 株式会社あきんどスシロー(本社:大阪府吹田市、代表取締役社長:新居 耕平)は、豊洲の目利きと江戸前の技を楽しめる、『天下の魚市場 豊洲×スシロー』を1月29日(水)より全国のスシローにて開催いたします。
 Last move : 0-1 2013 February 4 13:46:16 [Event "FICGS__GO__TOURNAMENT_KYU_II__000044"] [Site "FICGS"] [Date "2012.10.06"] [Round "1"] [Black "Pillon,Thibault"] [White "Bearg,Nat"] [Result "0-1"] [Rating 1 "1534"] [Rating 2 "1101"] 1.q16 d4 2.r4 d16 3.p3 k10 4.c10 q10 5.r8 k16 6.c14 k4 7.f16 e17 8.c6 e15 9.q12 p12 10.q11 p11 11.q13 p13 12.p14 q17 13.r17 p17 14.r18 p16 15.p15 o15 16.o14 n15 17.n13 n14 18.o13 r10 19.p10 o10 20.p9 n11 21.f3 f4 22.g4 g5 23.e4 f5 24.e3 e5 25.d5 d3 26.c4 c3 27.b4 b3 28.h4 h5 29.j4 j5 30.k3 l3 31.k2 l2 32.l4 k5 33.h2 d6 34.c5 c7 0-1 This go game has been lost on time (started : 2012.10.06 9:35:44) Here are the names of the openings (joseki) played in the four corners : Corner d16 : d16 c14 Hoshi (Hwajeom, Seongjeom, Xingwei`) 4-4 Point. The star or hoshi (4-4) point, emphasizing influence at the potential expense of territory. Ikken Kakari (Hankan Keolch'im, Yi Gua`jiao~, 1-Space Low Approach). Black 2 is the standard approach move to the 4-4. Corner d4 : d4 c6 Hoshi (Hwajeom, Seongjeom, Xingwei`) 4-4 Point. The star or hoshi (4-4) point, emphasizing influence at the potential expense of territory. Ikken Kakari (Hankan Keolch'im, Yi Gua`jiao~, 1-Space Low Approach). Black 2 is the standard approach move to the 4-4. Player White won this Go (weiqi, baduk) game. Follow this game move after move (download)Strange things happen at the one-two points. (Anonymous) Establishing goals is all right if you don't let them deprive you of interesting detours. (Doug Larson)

* * * * * * * * *

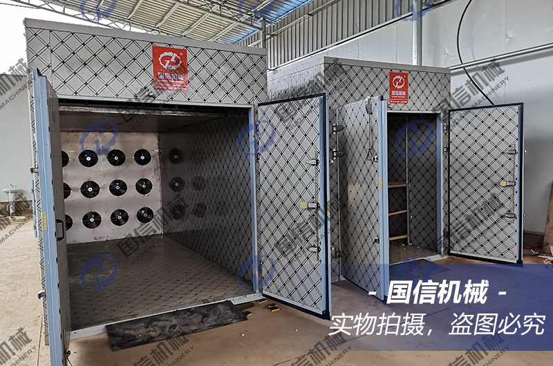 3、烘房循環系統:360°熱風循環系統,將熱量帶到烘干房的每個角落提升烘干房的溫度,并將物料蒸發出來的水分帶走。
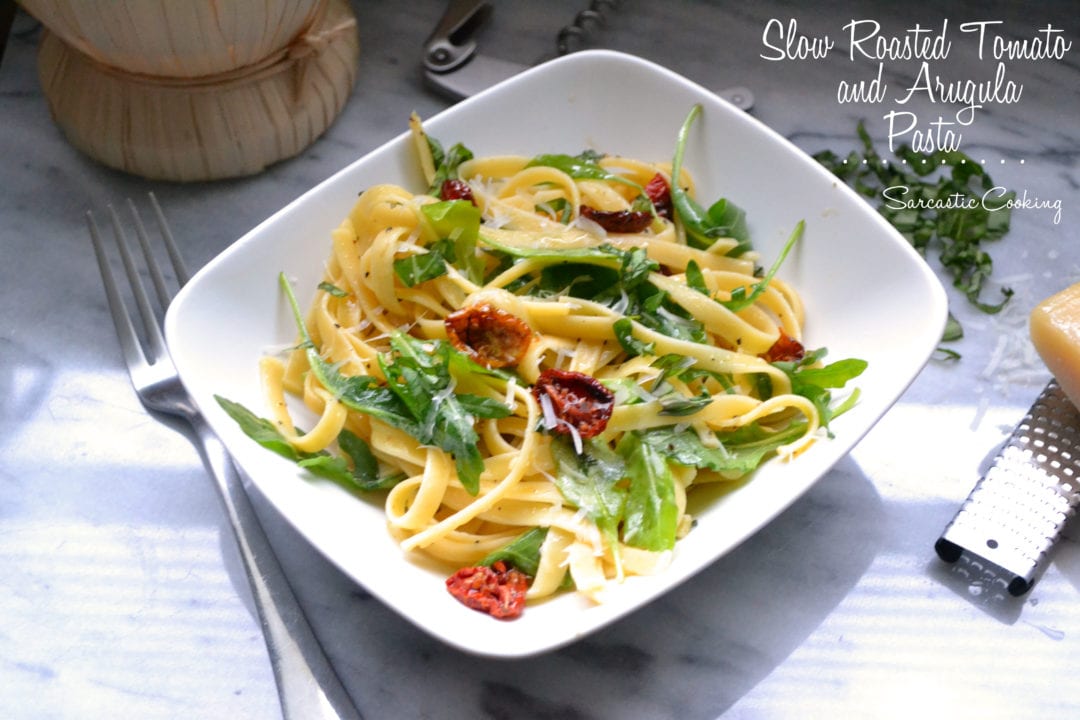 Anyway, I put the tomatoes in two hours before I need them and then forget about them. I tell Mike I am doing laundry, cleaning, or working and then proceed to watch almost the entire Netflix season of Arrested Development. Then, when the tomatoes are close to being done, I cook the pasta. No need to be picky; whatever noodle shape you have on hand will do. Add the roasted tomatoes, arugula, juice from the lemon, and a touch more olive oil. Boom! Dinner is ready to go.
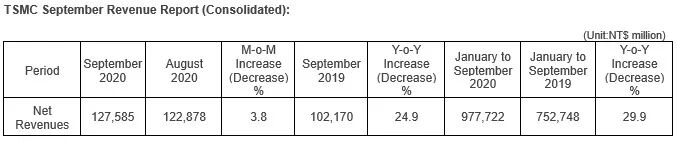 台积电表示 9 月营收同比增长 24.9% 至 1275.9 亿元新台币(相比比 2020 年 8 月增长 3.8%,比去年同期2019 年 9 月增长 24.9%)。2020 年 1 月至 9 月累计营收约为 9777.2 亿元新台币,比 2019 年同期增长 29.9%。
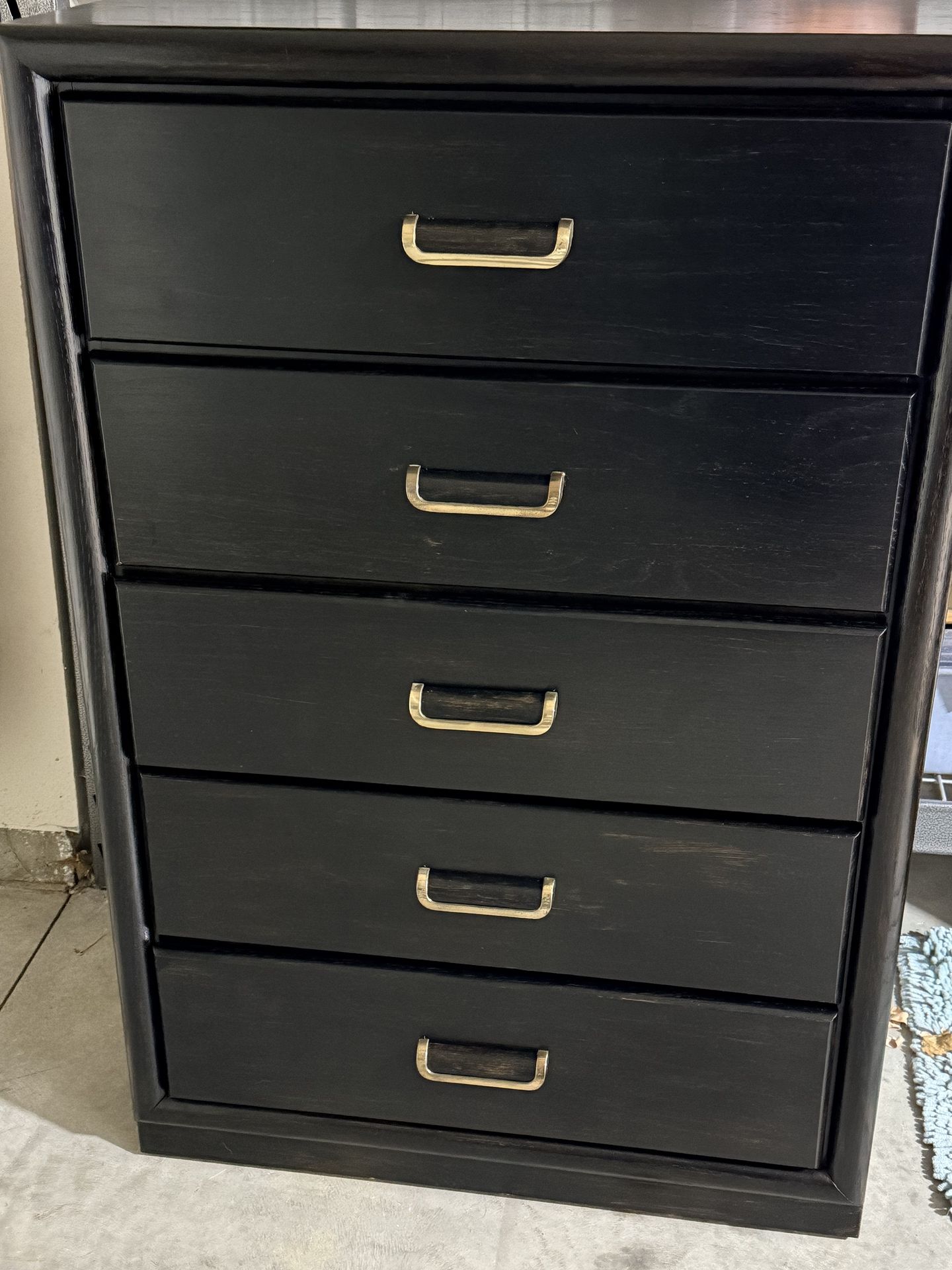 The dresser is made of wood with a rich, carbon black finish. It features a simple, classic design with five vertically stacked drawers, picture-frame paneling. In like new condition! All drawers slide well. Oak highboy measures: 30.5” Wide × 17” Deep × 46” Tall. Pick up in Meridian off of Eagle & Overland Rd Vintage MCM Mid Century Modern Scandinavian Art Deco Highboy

* * * * * * * * *

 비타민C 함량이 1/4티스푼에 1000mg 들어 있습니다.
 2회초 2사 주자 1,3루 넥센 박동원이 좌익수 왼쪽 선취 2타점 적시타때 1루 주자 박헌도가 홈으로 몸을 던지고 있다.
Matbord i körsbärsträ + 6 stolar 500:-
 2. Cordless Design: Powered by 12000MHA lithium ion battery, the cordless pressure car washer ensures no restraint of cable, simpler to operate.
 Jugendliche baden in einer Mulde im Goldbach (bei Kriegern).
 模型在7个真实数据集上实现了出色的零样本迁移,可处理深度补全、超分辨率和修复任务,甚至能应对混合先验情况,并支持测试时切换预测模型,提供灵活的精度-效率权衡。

* * * * * * * * *

# Requirement:
Begin at the line above that has "2. Cordless Design: Powered" and stop after the line that has "模型在7个真实数据集上实现了", copying each line exactly and adding nothing else.

# Solution to this task:
 2. Cordless Design: Powered by 12000MHA lithium ion battery, the cordless pressure car washer ensures no restraint of cable, simpler to operate.
 Jugendliche baden in einer Mulde im Goldbach (bei Kriegern).
 模型在7个真实数据集上实现了出色的零样本迁移,可处理深度补全、超分辨率和修复任务,甚至能应对混合先验情况,并支持测试时切换预测模型,提供灵活的精度-效率权衡。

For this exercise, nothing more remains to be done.